NOT TO BE PUBLISHED IN THE OFFICIAL REPORTS
An 11–year–old girl at home asleep in her bed awoke to find her completely naked next-door neighbor, Jose Antonio Baltierra Murillo, holding her hands over her head and touching her inappropriately. A jury found him guilty of a lewd or lascivious act during the commission of a first degree burglary. On appeal, he argues that jury selection error requires reversal. We affirm.
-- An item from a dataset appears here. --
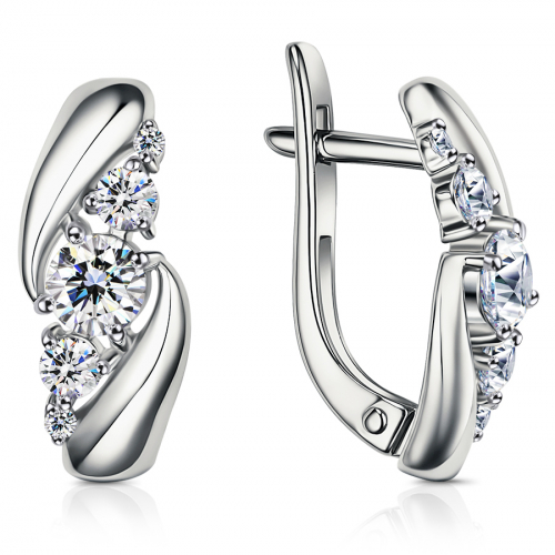 Нежные серьги украшены дорожкой сверкающих фианитов, выполнены из серебра 925 пробы

On March 12, 2010, a three-count second amended information charged Murillo with committing three crimes on November 24, 2008 – two counts of lewd or lascivious acts on children under the age of 14 (counts 1 & 2; Pen.Code, § 288, subd. (a)) 1 and one count of first degree burglary (count 3; §§ 459, 460, subd. (a)). The information alleged that he perpetrated counts 1 and 2 during the commission of a first degree burglary with the intent to commit those acts (former § 667.61, subds. (c)(8), (d)(4)), that he committed those acts against more than one victim (former § 667.61, subds. (c)(8), (e)(5)), and that he served a prior prison term (§ 667.5, subd. (b)).2
On April 7, 2010, Murillo waived his right to trial by jury on the prison-term prior. The next day, the jury returned the following verdicts:
Count 1: Guilty as charged; allegation of perpetration of the crime during commission of a first degree burglary true; allegation of commission of lewd or lascivious acts against more than one victim not true;
Count 2: Not guilty of the charged felony; not guilty of the lesser included offense of misdemeanor battery (§ 242);
Count 3: Guilty as charged.
Later that day, the court found the prison-term prior true.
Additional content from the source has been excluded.